Commonly used n-grams include bigrams (n=2) and trigrams (n=3).

In [11]:
from nltk import ngrams

phrases = Counter(ngrams(all_tokens_lower, 2))
for phrase, freq in phrases.most_common(20):
    print("{}\t{}".format(phrase, freq))

('in', 'the')	175
('in', 'a')	172
('of', 'the')	153
('with', 'a')	142
('.', 'when')	131
('the', 'fire')	129
('on', 'the')	128
('with', 'the')	117
(',', 'and')	117
('salt', 'and')	113
('it', 'is')	109
('a', 'little')	107
('piece', 'of')	102
('and', 'a')	102
('of', 'butter')	94
('and', 'pepper')	87
('.', 'the')	85
('and', 'the')	84
('when', 'the')	82
('with', 'salt')	80


In [12]:
phrases = Counter(ngrams(all_tokens_lower, 3))
for phrase, freq in phrases.most_common(20):
    print("{}\t{}".format(phrase, freq))

('on', 'the', 'fire')	90
('salt', 'and', 'pepper')	84
('piece', 'of', 'butter')	73
('a', 'piece', 'of')	63
('with', 'salt', 'and')	62
('.', 'when', 'the')	59
('a', 'pinch', 'of')	45
('in', 'a', 'saucepan')	45
('season', 'with', 'salt')	42
('the', 'fire', 'with')	41
('when', 'it', 'is')	39
('and', 'pepper', '.')	37
('through', 'a', 'sieve')	36
('complete', 'the', 'cooking')	34
('and', 'a', 'half')	33
('of', 'butter', ',')	27
('it', 'on', 'the')	26
('and', 'when', 'it')	26
('a', 'taste', 'of')	26
(',', 'salt', 'and')	25


## n-grams and stop-words

Stop-word removal will affect n-grams

e.g. phrases like "a pinch of salt" become "pinch salt" after stop-word removal

In [13]:
phrases = Counter(ngrams(tokens_no_stop, 2))

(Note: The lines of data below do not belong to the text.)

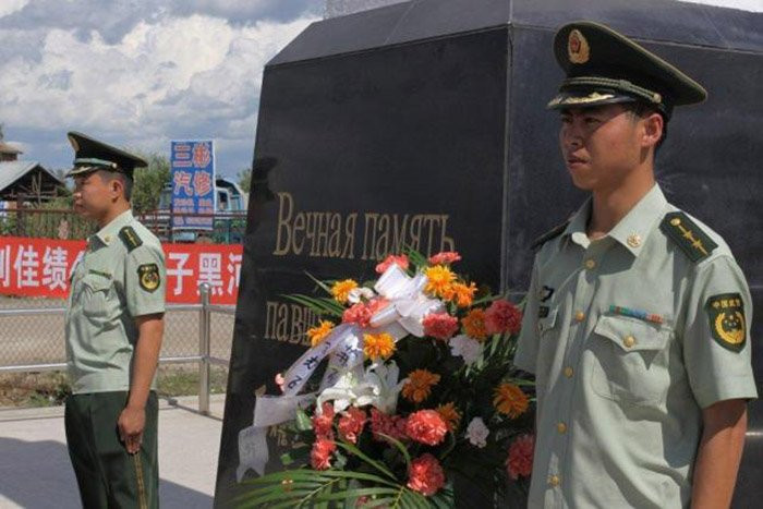 — Два китайских солдата Народной военной полиции, держа венки, прошли к могиле павших героев Красной Армии Советского Союза под песню «Возложение цветов», — сообщается на сайте правительства Амурской области. — Председатель постоянного комитета Собрания народных представителей, секретарь комитета КПК г. Хэйхэ Лю Ганн вместе с другими участниками церемонии возложили венки и живые цветы, трижды поклонились всем военнослужащим Красной армии, погибшим во имя мира во всем мире и освобождения северо-восточного региона Китая.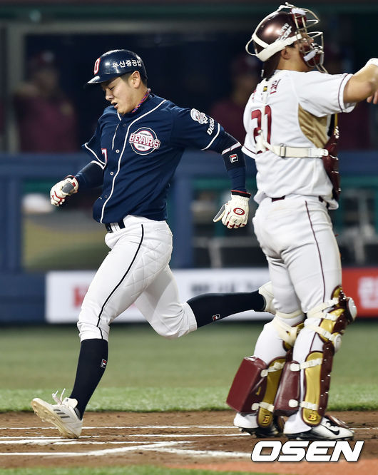 22일 오후 서울 목동야구장서 열린 '2015 타이어뱅크 KBO 리그' 넥센 히어로즈와 두산 베어스의 경기, 6회초 무사 주자 2루 두산 김현수의 동점 1타점 적시타때 2루 주자 최주환이 홈을 밟고 있다.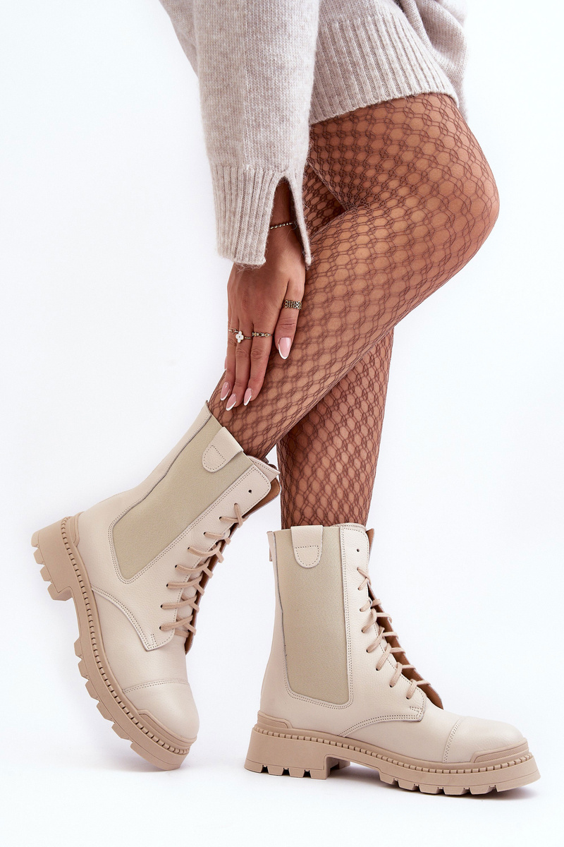 Шкіряні жіночі ботильйони на шнурівці бежеві Nicole 2836

for phrase, freq in phrases.most_common(20):
    print("{}\t{}".format(phrase, freq))

('salt', 'pepper')	106
('piece', 'butter')	73
('grated', 'cheese')	55
('bread', 'crumbs')	34
('tomato', 'sauce')	32
('put', 'fire')	32
('complete', 'cooking')	31
('brown', 'stock')	29
('season', 'salt')	29
('thin', 'slices')	29
('olive', 'oil')	26
('low', 'fire')	25
('chopped', 'fine')	25
('boiling', 'water')	22
('little', 'pieces')	22
('half', 'ounces')	21
('half', 'cooked')	18
('two', 'ounces')	18
('lemon', 'peel')	18
('one', 'two')	18


In [14]:
phrases = Counter(ngrams(tokens_no_stop, 3))

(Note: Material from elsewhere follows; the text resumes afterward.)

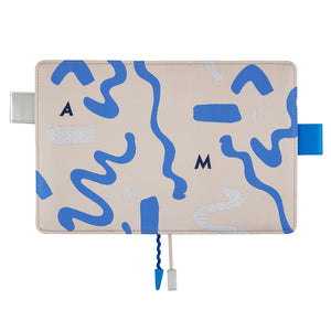 A cover for the Hobonichi Techo Original A6. This cover has a sandy-colored background woven with wavy blue lines that evoke the sea. Sparkling silver accents are reminiscent of the whitecaps of waves. The PAMM logo is woven in navy and silver threads. Butterfly pen holders function as a clasp to keep the cover securely closed with a pen, and ribbon bookmarks help you keep track of important pages in your planner.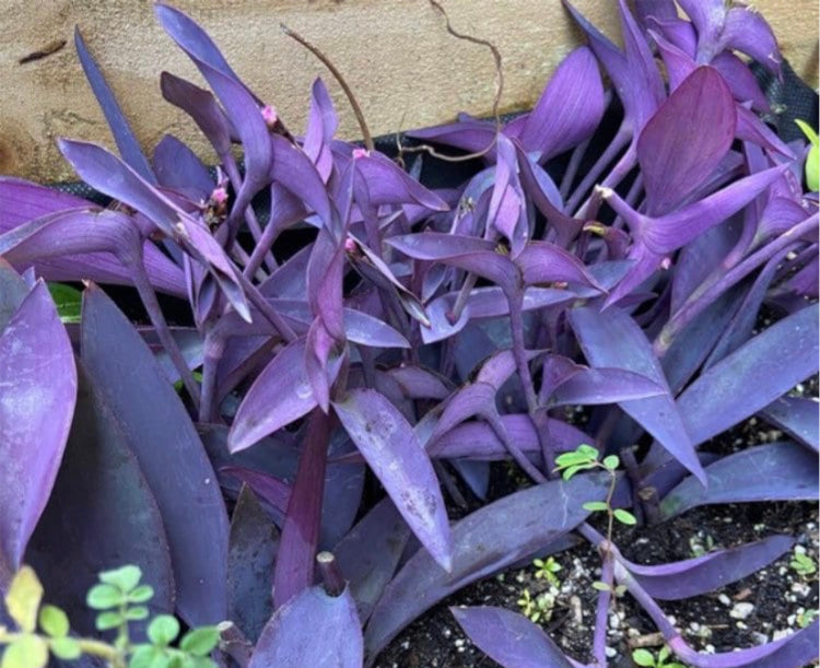 Purple Heart. 4 Healthy fully rooted in one pot or 1 cuttings, unrooted option available. Your plant will come with roots planted in 4’ pot. Purple Wandering Jew’s are a Beautiful Perennial Plant with Dark Purple Foliage and Dainty Pink flowers that bloom in Summer, they are very fast growers. They are seen and used inside homes in hanging pots or potted in pots on patios and outside in landscaping

for phrase, freq in phrases.most_common(20):
    print("{}\t{}".format(phrase, freq))

('season', 'salt', 'pepper')	28
('Season', 'salt', 'pepper')	16
('cut', 'thin', 'slices')	11
('pinch', 'grated', 'cheese')	11
('bread', 'crumbs', 'ground')	11
('good', 'olive', 'oil')	10
('another', 'piece', 'butter')	9
('greased', 'butter', 'sprinkled')	9
('saucepan', 'piece', 'butter')	9
('small', 'piece', 'butter')	9
('half', 'inch', 'thick')	9
('cut', 'small', 'pieces')	9
('salt', 'pepper', 'When')	9
('tomato', 'sauce', 'No')	8
('sauce', 'No', '12')	8
('ounces', 'Sweet', 'almonds')	8
('three', 'half', 'ounces')	8
('medium', 'sized', 'onion')	8
('butter', 'salt', 'pepper')	7
('piece', 'butter', 'When')	7